What you will do
Would you repeat word for word the lines of the listing that follows, from the one with "Mocasines Elegantes para" up to and including the one with "パンツ フェイクレザーワイドパンツ レディース", and leave out the images?

Supplied entries
============================================================

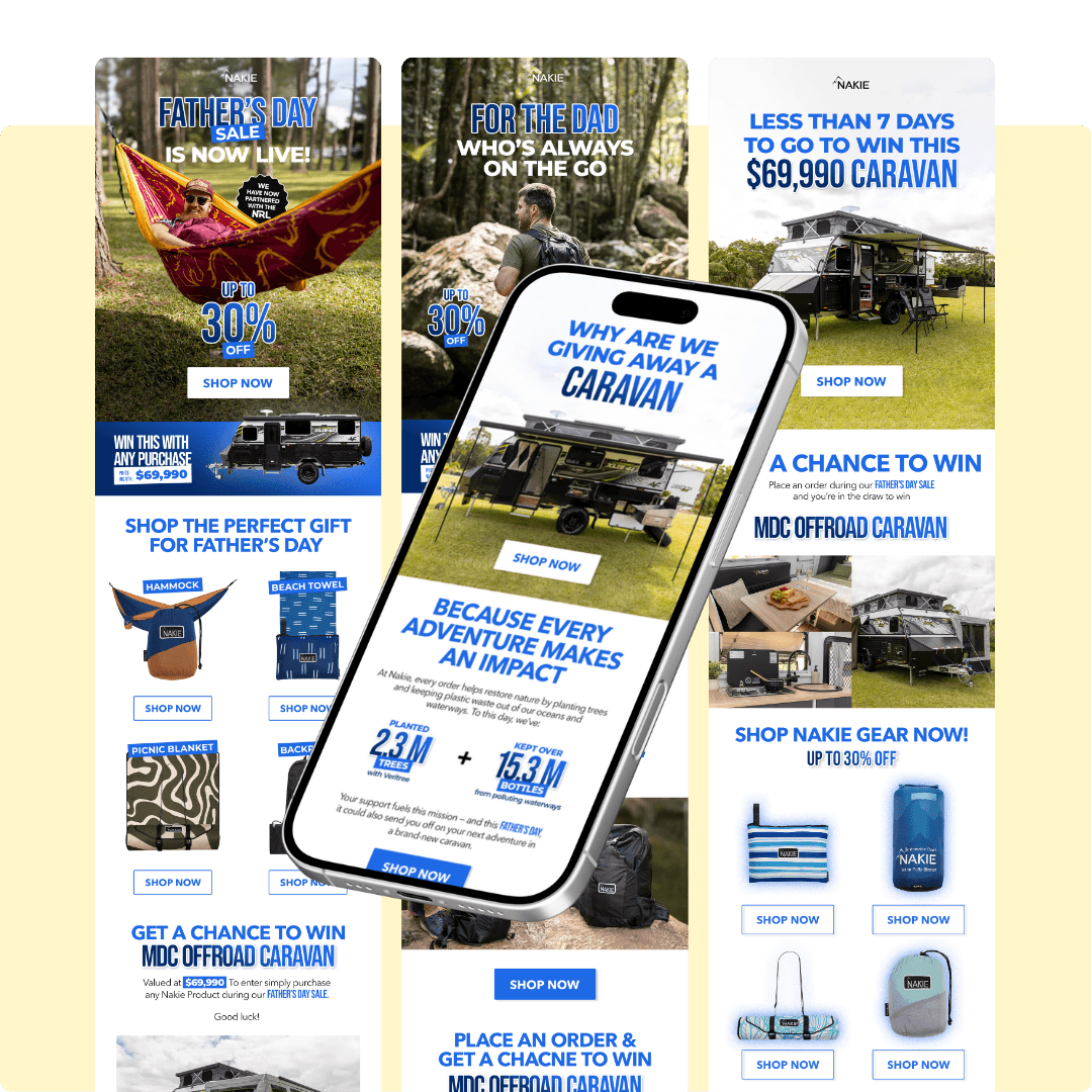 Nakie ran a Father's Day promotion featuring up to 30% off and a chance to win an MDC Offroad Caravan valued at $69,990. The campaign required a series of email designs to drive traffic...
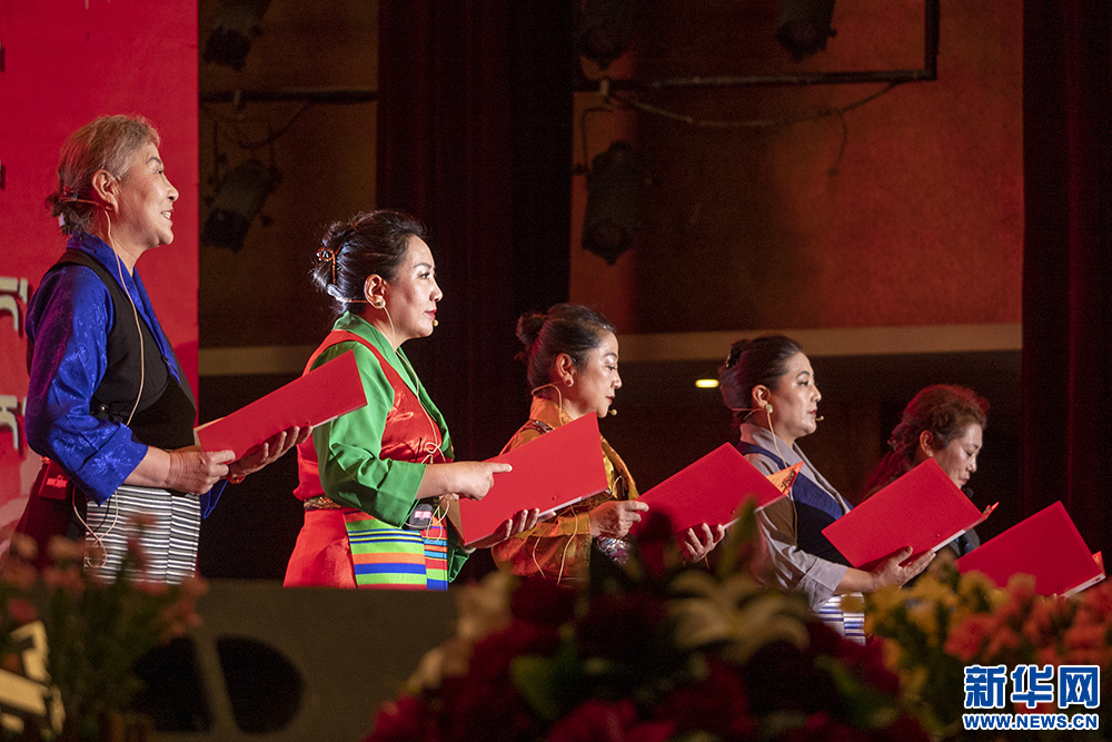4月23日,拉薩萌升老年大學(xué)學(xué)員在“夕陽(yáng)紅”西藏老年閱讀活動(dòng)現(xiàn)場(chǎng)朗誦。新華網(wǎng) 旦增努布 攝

============================================================

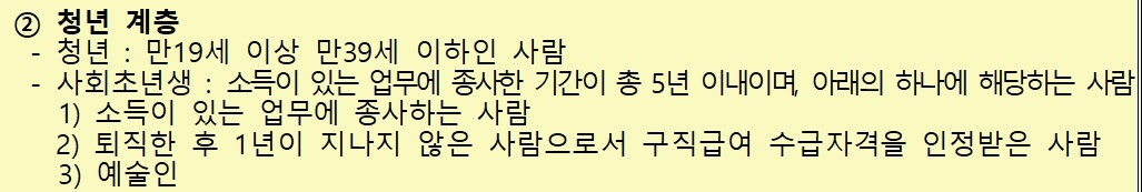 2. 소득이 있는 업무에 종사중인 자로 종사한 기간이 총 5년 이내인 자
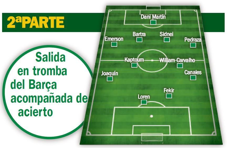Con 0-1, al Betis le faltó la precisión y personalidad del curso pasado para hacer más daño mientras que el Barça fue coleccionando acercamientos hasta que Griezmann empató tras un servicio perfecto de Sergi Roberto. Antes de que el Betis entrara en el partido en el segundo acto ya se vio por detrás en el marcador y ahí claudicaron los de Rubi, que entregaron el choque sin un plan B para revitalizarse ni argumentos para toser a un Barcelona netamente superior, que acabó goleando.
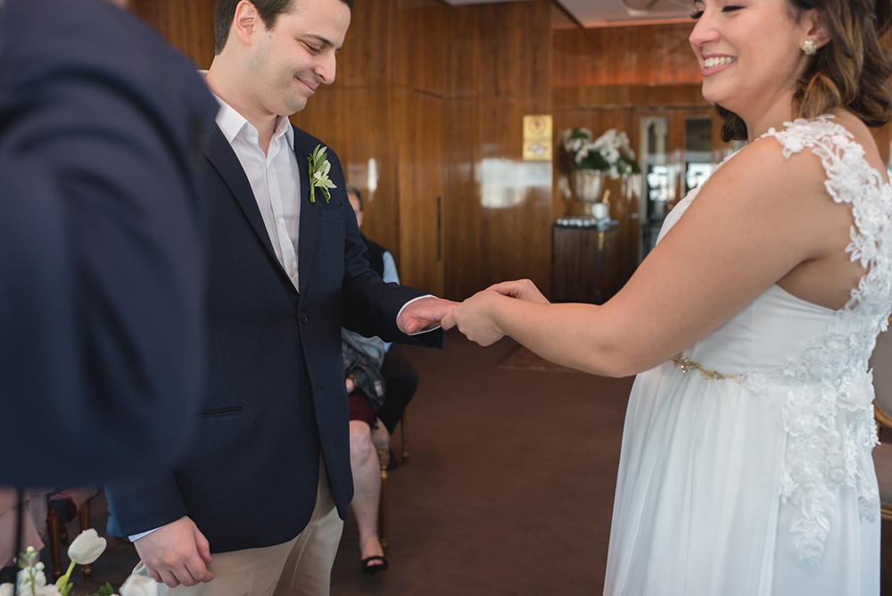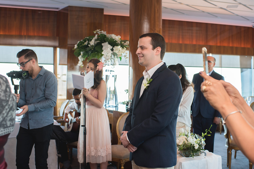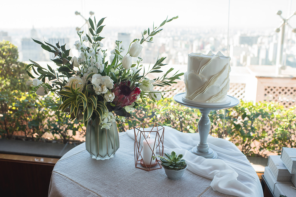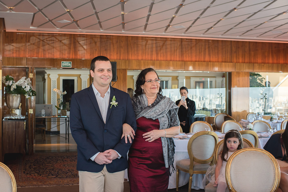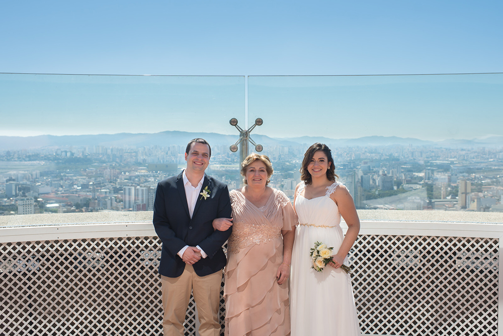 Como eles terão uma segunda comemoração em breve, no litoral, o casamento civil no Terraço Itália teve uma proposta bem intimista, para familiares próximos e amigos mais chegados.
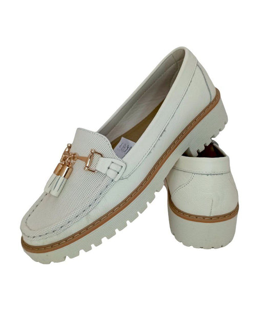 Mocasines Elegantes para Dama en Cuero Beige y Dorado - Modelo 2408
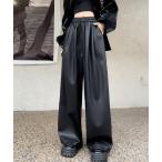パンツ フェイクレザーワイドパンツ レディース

============================================================

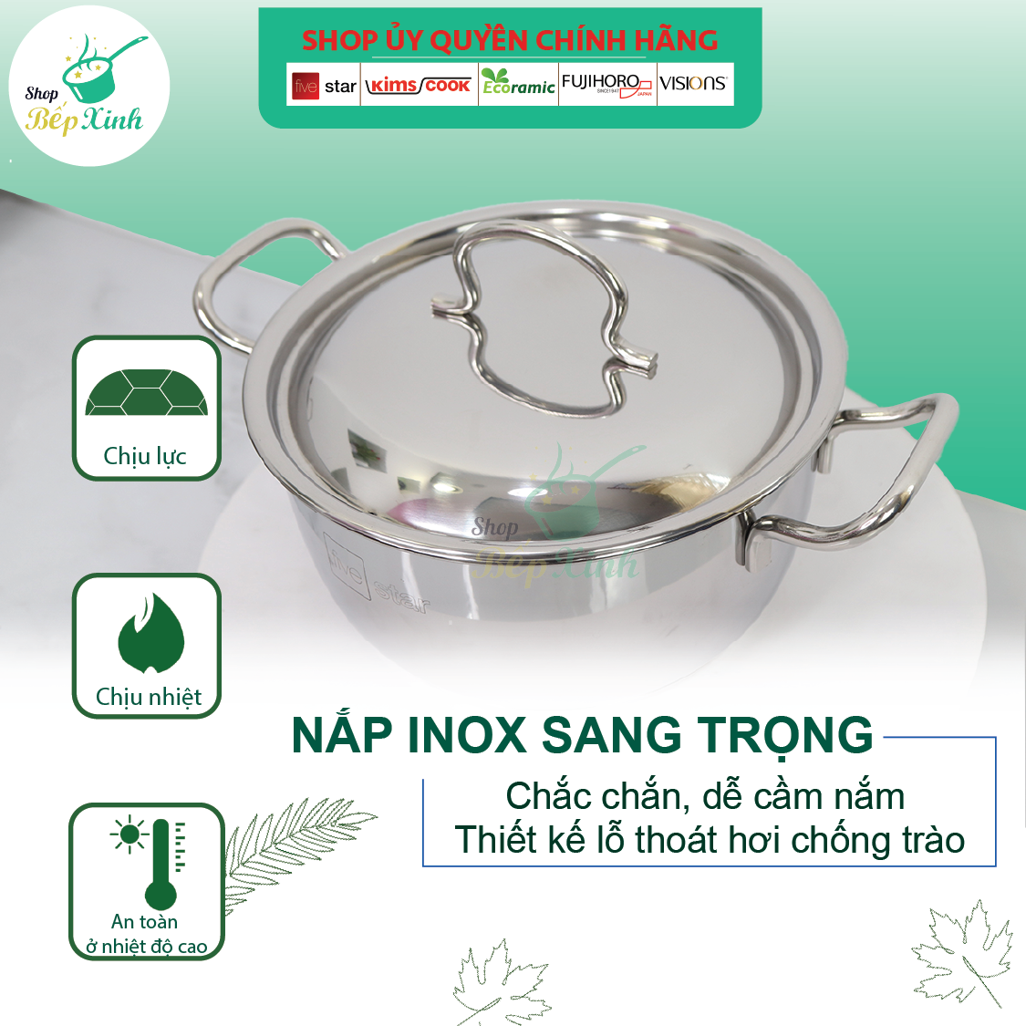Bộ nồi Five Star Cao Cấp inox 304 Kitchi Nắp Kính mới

============================================================

Exercise output
 Mocasines Elegantes para Dama en Cuero Beige y Dorado - Modelo 2408
パンツ フェイクレザーワイドパンツ レディース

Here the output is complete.